Task item: From top to bottom, retype the data exactly, passing over any picture.

Supplied material:
# # # # #
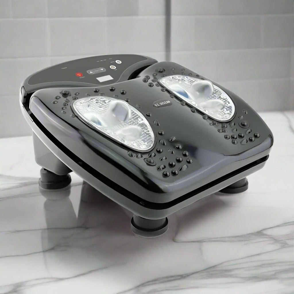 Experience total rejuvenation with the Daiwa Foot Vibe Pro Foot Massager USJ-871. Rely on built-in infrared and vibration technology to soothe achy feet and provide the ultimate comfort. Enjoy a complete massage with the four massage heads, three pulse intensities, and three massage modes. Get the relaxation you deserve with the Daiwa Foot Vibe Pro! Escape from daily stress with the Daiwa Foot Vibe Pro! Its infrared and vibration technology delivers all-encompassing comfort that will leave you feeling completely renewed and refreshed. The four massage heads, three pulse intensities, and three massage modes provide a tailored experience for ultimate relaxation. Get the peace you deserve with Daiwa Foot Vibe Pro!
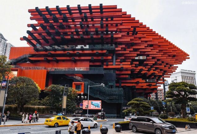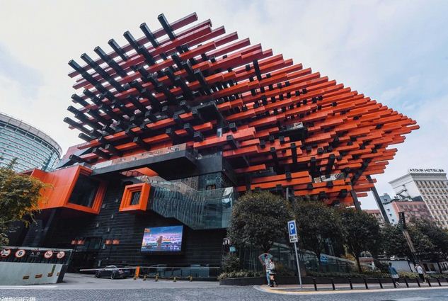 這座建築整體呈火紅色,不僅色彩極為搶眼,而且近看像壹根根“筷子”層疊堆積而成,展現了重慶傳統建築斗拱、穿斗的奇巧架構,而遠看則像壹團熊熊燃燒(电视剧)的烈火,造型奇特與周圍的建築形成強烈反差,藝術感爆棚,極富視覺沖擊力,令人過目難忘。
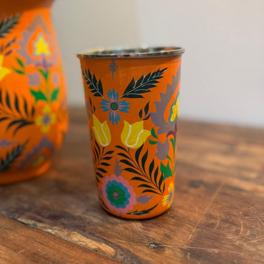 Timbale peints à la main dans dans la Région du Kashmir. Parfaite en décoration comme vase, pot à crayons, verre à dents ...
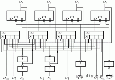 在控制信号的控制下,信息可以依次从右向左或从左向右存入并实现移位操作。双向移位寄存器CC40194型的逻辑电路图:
# # # # #
Response:
 Experience total rejuvenation with the Daiwa Foot Vibe Pro Foot Massager USJ-871. Rely on built-in infrared and vibration technology to soothe achy feet and provide the ultimate comfort. Enjoy a complete massage with the four massage heads, three pulse intensities, and three massage modes. Get the relaxation you deserve with the Daiwa Foot Vibe Pro! Escape from daily stress with the Daiwa Foot Vibe Pro! Its infrared and vibration technology delivers all-encompassing comfort that will leave you feeling completely renewed and refreshed. The four massage heads, three pulse intensities, and three massage modes provide a tailored experience for ultimate relaxation. Get the peace you deserve with Daiwa Foot Vibe Pro!
 這座建築整體呈火紅色,不僅色彩極為搶眼,而且近看像壹根根“筷子”層疊堆積而成,展現了重慶傳統建築斗拱、穿斗的奇巧架構,而遠看則像壹團熊熊燃燒(电视剧)的烈火,造型奇特與周圍的建築形成強烈反差,藝術感爆棚,極富視覺沖擊力,令人過目難忘。
 Timbale peints à la main dans dans la Région du Kashmir. Parfaite en décoration comme vase, pot à crayons, verre à dents ...
 在控制信号的控制下,信息可以依次从右向左或从左向右存入并实现移位操作。双向移位寄存器CC40194型的逻辑电路图:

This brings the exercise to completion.